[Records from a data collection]
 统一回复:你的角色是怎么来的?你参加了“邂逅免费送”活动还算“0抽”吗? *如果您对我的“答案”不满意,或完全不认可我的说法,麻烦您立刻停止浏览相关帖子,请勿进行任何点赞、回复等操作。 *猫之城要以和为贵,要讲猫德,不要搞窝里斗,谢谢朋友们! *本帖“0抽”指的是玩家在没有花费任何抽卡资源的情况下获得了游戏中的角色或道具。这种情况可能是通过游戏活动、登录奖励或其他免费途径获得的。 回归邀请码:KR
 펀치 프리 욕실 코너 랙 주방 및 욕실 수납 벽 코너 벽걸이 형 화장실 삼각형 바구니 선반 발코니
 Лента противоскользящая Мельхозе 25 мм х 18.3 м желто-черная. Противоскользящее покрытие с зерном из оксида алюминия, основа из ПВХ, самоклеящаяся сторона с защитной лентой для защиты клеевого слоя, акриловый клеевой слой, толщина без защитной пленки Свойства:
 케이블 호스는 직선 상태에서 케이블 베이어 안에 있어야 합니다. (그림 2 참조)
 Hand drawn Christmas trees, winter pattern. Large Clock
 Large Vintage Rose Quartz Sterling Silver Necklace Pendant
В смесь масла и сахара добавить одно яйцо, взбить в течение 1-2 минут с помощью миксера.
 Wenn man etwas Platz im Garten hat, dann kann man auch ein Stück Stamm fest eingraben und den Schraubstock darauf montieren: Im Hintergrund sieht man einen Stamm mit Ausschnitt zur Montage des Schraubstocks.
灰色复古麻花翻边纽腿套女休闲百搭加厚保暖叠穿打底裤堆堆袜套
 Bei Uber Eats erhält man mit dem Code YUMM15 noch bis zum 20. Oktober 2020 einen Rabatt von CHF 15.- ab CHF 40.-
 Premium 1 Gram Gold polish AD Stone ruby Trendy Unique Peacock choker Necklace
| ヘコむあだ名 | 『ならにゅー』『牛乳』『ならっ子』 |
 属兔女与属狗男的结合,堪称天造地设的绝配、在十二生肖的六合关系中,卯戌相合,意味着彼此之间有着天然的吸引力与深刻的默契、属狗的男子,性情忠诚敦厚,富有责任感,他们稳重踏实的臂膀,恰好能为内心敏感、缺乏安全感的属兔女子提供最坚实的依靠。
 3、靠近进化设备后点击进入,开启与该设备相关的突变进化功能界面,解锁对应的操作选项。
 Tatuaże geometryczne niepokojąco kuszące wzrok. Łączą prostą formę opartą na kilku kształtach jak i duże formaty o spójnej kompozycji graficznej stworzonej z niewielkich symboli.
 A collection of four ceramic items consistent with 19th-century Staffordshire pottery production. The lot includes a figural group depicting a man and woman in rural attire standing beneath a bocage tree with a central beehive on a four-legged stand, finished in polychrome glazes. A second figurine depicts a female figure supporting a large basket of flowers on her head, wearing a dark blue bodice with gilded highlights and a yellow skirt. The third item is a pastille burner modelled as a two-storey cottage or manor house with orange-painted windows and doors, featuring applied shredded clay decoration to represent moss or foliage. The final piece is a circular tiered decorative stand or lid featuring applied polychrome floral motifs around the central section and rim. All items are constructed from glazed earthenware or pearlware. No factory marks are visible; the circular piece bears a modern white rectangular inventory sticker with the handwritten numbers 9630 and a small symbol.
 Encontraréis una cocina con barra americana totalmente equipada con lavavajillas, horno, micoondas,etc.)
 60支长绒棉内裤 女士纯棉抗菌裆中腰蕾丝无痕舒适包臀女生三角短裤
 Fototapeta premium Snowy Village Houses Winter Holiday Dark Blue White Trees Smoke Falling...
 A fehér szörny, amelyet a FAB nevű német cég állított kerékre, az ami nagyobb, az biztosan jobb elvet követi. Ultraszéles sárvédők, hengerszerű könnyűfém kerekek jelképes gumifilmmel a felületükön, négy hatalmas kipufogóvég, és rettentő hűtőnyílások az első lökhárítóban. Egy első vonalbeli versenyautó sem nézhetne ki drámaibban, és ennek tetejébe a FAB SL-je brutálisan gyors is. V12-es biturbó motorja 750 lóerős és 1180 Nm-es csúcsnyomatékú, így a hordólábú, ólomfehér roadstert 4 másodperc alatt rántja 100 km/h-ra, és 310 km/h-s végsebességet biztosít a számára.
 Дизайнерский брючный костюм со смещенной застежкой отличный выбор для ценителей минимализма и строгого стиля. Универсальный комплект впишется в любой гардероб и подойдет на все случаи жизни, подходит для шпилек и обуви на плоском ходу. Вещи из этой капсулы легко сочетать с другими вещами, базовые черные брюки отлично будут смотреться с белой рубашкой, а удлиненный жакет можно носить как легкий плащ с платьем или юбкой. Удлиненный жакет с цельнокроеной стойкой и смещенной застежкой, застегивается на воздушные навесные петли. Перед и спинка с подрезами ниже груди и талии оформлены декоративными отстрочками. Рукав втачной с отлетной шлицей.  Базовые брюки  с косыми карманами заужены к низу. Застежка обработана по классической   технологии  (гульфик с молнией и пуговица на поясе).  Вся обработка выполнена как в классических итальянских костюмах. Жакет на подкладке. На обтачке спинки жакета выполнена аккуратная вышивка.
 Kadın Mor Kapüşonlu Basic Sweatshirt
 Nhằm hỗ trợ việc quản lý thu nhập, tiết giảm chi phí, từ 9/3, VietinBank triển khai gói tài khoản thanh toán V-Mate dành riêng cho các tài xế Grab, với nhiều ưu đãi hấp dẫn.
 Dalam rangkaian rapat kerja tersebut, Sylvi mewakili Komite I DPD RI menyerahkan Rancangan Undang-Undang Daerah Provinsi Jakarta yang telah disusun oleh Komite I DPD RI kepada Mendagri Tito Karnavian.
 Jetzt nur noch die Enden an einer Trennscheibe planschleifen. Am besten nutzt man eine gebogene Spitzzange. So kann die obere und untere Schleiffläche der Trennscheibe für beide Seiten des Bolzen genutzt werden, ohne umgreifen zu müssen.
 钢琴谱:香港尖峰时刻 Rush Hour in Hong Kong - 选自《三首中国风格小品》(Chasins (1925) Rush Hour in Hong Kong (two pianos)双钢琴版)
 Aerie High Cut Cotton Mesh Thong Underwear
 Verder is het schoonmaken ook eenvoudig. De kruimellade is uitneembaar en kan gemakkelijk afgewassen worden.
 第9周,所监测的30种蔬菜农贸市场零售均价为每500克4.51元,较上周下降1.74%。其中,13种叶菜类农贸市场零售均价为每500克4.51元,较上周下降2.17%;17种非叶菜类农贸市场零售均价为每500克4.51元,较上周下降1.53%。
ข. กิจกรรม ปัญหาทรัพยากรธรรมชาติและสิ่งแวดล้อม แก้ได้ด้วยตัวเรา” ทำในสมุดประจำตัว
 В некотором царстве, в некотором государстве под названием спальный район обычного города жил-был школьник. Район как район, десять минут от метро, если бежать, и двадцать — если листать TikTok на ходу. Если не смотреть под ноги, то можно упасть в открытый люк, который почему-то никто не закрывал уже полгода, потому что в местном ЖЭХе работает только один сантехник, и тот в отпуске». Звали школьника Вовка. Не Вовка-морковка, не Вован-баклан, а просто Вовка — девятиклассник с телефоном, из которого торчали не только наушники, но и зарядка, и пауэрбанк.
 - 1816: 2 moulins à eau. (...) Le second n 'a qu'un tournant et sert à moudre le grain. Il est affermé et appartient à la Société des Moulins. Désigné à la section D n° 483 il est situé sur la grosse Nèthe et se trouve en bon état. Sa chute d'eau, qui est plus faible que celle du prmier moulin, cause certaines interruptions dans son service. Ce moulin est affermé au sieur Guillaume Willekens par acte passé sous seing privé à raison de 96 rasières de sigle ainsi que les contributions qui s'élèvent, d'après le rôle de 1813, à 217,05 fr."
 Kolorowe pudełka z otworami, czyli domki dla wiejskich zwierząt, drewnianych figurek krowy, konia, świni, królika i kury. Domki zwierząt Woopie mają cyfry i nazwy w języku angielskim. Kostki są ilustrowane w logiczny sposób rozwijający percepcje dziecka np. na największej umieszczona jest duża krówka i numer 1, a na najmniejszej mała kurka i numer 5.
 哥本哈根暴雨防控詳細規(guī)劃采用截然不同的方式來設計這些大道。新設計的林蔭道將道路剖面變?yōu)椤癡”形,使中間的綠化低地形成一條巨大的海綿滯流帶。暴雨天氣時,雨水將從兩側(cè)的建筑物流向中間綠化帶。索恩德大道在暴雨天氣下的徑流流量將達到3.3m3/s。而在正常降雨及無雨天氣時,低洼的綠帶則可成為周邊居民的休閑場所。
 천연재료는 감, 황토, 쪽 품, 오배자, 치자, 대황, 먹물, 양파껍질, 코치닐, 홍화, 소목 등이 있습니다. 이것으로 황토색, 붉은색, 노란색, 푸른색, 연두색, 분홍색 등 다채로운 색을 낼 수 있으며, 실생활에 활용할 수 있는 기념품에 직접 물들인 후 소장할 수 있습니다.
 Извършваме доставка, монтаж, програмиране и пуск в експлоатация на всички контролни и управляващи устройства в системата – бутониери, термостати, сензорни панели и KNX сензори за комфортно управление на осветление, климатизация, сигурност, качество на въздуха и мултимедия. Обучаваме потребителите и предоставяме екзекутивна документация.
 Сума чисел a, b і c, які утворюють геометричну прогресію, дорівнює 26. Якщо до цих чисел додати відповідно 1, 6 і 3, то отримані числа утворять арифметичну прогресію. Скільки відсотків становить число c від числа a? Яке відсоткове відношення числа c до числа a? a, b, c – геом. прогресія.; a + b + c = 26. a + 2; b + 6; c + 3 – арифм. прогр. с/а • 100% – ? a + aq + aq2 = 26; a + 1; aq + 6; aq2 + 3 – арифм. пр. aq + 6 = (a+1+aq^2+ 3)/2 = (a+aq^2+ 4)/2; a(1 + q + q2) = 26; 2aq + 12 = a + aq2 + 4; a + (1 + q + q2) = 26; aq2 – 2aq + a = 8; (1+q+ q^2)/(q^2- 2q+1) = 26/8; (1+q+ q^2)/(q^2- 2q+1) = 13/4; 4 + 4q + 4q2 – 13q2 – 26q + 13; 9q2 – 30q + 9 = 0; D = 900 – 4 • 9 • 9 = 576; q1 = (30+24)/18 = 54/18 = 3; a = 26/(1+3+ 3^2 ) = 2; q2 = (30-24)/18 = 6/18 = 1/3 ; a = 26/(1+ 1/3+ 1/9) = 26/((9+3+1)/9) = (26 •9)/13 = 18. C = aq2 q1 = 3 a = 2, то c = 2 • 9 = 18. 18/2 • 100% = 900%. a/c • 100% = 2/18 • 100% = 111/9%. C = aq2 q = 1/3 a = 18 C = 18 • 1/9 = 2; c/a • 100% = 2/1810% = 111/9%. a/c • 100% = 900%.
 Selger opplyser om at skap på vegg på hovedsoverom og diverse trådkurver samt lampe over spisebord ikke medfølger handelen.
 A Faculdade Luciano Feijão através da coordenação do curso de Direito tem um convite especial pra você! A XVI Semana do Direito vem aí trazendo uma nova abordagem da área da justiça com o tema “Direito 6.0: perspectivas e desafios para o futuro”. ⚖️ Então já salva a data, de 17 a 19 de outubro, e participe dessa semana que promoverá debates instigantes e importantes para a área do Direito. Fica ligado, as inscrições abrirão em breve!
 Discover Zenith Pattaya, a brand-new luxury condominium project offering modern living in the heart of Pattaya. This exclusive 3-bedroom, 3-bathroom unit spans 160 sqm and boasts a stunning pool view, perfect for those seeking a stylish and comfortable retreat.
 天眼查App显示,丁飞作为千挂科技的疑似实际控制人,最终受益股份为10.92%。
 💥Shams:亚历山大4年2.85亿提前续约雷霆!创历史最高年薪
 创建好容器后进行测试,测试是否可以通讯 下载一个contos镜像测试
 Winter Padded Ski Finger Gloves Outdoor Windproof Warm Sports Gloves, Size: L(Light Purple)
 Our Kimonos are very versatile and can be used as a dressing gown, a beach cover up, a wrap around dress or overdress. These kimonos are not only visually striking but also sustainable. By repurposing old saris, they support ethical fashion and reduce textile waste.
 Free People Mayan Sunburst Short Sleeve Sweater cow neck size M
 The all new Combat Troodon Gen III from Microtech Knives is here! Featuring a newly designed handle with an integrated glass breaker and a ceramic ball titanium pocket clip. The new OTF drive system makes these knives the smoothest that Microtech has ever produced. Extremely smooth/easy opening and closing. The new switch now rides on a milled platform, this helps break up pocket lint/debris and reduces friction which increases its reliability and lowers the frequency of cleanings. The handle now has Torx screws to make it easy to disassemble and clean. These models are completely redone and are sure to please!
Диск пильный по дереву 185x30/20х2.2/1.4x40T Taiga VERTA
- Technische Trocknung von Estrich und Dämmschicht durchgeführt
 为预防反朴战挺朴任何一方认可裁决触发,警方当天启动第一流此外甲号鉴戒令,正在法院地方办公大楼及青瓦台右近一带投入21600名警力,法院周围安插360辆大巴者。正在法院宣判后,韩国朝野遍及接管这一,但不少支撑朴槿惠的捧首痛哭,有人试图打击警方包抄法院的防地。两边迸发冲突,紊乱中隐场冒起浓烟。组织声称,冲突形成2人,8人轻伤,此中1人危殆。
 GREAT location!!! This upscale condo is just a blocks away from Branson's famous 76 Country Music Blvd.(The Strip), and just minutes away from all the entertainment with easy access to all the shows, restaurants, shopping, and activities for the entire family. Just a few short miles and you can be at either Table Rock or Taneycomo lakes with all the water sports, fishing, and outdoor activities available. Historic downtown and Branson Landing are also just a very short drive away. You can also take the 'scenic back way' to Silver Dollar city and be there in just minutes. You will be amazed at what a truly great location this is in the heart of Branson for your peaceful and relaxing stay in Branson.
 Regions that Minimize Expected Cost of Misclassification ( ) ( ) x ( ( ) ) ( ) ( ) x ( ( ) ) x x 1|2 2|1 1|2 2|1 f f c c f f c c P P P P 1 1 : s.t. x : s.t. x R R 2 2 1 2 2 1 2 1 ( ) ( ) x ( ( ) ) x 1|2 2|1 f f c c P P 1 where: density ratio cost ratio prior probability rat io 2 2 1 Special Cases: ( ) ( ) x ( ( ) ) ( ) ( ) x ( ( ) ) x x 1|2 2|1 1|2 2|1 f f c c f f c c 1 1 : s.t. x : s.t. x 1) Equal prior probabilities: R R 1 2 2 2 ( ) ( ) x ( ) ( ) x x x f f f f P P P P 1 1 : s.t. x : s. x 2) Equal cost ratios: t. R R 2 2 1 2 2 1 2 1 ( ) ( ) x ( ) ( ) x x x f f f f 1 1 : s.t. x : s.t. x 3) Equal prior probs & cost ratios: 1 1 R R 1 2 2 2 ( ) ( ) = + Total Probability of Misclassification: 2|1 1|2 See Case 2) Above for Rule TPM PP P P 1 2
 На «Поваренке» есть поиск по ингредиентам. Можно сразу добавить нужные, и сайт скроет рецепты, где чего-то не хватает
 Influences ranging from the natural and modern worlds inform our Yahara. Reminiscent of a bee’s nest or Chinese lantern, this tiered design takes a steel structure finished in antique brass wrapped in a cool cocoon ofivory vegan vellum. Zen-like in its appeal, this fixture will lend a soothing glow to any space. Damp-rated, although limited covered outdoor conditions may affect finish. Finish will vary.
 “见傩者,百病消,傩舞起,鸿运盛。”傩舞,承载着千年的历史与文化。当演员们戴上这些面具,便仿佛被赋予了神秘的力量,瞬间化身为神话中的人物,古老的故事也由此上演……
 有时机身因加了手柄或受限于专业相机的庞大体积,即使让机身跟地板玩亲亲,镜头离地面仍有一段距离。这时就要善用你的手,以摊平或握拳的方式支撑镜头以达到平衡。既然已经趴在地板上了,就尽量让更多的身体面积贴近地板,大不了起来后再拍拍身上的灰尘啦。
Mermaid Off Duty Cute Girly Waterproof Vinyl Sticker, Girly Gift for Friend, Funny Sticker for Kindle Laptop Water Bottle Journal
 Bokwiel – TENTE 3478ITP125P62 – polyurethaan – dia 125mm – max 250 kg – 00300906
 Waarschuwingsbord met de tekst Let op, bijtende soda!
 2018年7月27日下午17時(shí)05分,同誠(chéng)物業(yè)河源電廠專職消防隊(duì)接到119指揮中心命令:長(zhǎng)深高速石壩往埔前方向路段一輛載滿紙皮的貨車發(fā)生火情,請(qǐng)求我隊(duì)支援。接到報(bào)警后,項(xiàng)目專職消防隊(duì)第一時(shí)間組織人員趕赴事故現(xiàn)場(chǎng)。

YOUR OBJECTIVE: Using the entries shown above, reproduce verbatim the lines from the line bearing "Fototapeta premium Snowy" to the line bearing "Dalam rangkaian rapat", inclusive.

ANSWER SPACE:
 Fototapeta premium Snowy Village Houses Winter Holiday Dark Blue White Trees Smoke Falling...
 A fehér szörny, amelyet a FAB nevű német cég állított kerékre, az ami nagyobb, az biztosan jobb elvet követi. Ultraszéles sárvédők, hengerszerű könnyűfém kerekek jelképes gumifilmmel a felületükön, négy hatalmas kipufogóvég, és rettentő hűtőnyílások az első lökhárítóban. Egy első vonalbeli versenyautó sem nézhetne ki drámaibban, és ennek tetejébe a FAB SL-je brutálisan gyors is. V12-es biturbó motorja 750 lóerős és 1180 Nm-es csúcsnyomatékú, így a hordólábú, ólomfehér roadstert 4 másodperc alatt rántja 100 km/h-ra, és 310 km/h-s végsebességet biztosít a számára.
 Дизайнерский брючный костюм со смещенной застежкой отличный выбор для ценителей минимализма и строгого стиля. Универсальный комплект впишется в любой гардероб и подойдет на все случаи жизни, подходит для шпилек и обуви на плоском ходу. Вещи из этой капсулы легко сочетать с другими вещами, базовые черные брюки отлично будут смотреться с белой рубашкой, а удлиненный жакет можно носить как легкий плащ с платьем или юбкой. Удлиненный жакет с цельнокроеной стойкой и смещенной застежкой, застегивается на воздушные навесные петли. Перед и спинка с подрезами ниже груди и талии оформлены декоративными отстрочками. Рукав втачной с отлетной шлицей.  Базовые брюки  с косыми карманами заужены к низу. Застежка обработана по классической   технологии  (гульфик с молнией и пуговица на поясе).  Вся обработка выполнена как в классических итальянских костюмах. Жакет на подкладке. На обтачке спинки жакета выполнена аккуратная вышивка.
 Kadın Mor Kapüşonlu Basic Sweatshirt
 Nhằm hỗ trợ việc quản lý thu nhập, tiết giảm chi phí, từ 9/3, VietinBank triển khai gói tài khoản thanh toán V-Mate dành riêng cho các tài xế Grab, với nhiều ưu đãi hấp dẫn.
 Dalam rangkaian rapat kerja tersebut, Sylvi mewakili Komite I DPD RI menyerahkan Rancangan Undang-Undang Daerah Provinsi Jakarta yang telah disusun oleh Komite I DPD RI kepada Mendagri Tito Karnavian.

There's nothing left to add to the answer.